Journal of the Pancreas Open Access

Keywords

Biology; Embryology; Epidemiology; Neuroendocrine Cells; neuroendocrine tumor; Pancreas

Abbreviations

APUD Amine and Precursor Uptake and Decarboxylation; DNES diffuse neuroendocrine system; NET neuroendocrine tumors

Origin of Neuroendocrine Tumors of the Pancreas

“Neuroendocrine tumors (NET)” are considered to arise from "neuroendocrine cells" located in various parts of the body. Since neuroendocrine cells are located throughout the body, these tumors can originate in many organs of the body including the pancreas, gastrointestinal tract, lung, etc. [1]. The origin of the cells from which neuroendocrine tumor cells arise is not well understood. However, neuroendocrine cells can be divided into two systems, namely aggregations of cells that constitute glands (pituitary, thyroid, parathyroid, ganglia, thymus and adrenal medulla) and diffusely distributed dispersed cells that constitute a disseminated system which is now referred to as the diffuse neuroendocrine system (DNES) [2]. Embryologically, these systems are different, because the former is derived from ectodermal tissue and the latter is from endodermal tissue.

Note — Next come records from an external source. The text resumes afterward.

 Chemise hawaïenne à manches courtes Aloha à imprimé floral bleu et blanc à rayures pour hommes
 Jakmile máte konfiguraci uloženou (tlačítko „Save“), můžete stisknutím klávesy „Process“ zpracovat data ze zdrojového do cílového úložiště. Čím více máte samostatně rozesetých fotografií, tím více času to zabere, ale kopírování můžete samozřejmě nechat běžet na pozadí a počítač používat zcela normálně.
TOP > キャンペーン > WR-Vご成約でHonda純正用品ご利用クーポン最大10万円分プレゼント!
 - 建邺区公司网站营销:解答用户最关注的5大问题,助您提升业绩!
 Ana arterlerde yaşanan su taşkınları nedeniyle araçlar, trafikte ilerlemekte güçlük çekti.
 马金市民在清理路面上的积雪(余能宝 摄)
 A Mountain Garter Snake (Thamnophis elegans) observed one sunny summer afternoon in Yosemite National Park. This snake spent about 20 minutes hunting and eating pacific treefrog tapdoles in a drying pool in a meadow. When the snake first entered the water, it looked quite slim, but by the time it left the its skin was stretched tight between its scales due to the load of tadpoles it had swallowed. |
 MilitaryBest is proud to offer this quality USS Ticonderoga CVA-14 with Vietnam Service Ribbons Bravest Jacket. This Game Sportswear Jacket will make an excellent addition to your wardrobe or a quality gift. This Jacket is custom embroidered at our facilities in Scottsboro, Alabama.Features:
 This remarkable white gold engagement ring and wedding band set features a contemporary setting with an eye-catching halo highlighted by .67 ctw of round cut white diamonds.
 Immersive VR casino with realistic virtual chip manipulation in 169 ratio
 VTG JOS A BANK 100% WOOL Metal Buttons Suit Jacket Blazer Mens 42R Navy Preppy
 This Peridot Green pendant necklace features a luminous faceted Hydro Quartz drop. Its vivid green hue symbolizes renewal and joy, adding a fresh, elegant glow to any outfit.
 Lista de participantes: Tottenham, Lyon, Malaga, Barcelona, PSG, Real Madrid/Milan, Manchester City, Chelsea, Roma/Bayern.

Compensating for these embryological differences, Pearse et al. identified these diverse cells more reliably by using Grimelius staining which applies a redox reaction of silver, and described a peptide hormone secreting cells in the body which have a common morphological characteristic, a new Amine and Precursor Uptake and Decarboxylation (APUD) cell concept [3]. APUD cells are recognized by the presence of neurosecretory granules and have autocrine, paracrine and neuromodulatory functions, in accordance with their endocrine function. These cells are also found not only in the gland they constitute, but also throughout the body as if supporting the DNES concept, and are thought to originate in the embryologic neural crest [4]. This APUD cell concept cleverly explains the origin of Multiple Endocrine Neoplasms (MEN) which produce multiple peptide hormone, and synchronous and/or metachronous tumors which occur also in multiple organs. While the pituitary and adrenal glands, target organs for MEN, are known to be derived from ectodermal tissue, the pancreas is originally from endoderm. The APUD cell concept overcomes this embryological antinomy.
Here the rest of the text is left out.